# [selling printing services locally] Effective email marketing That Works!



## Rholl (Feb 3, 2009)

For the people that still send email blasts, please save yourself time and energy. This only works from time to time on your current customer list.

If you want to reach new clients effectively and don't have a ton of money to spend, then personable email is the best way to go.

When I worked for a promotional company, I sold many custom t-shirts and 90% of the time, I never even spoke to the customer on the phone.

This might take you a little time but it will pay off. You first need to find the area you want to target. If you are selling custom t-shirts, then just about every company is a potential client. You can go to any towns online chamber of commerce and find the companies associated with that chamber. You simply go down that list and they provide the owners name and most of the time their email address. You email them by name with a short question. It will be nothing long. 80% of the time, you are going to get a response. You never want to hard sell someone right off the bat that you don't know. By asking a question, this makes you a real person in the internet world. Here are a couple examples:

Hi Debbie,

I noticed your info in the chamber. Do you guys ever have the need for t-shirts for your company?

Respectfully,

Ryan  
Or:

Hi Debbie,

I noticed you info through the chamber. Would you happen to know how I could get placed on your bid list in regards to supplying custom t-shirts for your company.

I appreciate your help!

Respectfully,

Ryan  
Once you get a response, that then will open the door for communication. Whether or not they need t-shirts, they will remember your "kind" email and forward it on to people they may know that needs them. You will be surprised how far respect takes you. I have actually had a ton of replies telling me, "Thank you for asking first instead of blasting me with a sales pitch. You are one I would buy from".

I would send out about 100 emails a day and get about 50-80 reply's a day. You do have to account for the emails that no longer work.
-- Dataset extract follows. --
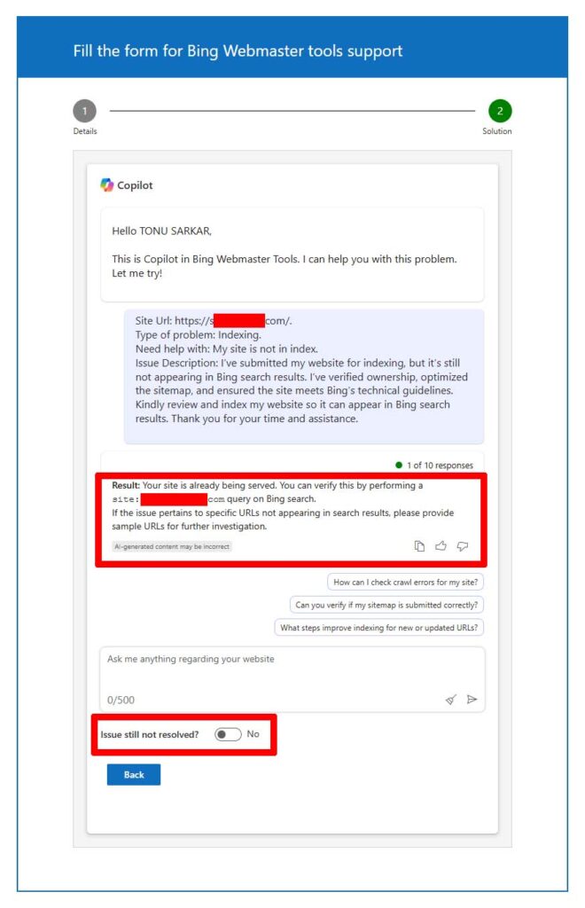 Step-4: On the next page, Bing’s AI will try to help you solve the problem automatically.

You don't have to go down the chamber of commerce either. There are a ton of ways to find people and email lists. I used to "google" Associations of different types of industries. Like, association of parks and wildlife or camps. Anything works and you will more than likely find the directory. You could go to the online BBB and you can actually locate a list of companies by zip code and even the street. It will most always at least give you the owners name.

What worked for me the most was PTA and booster clubs at many school districts.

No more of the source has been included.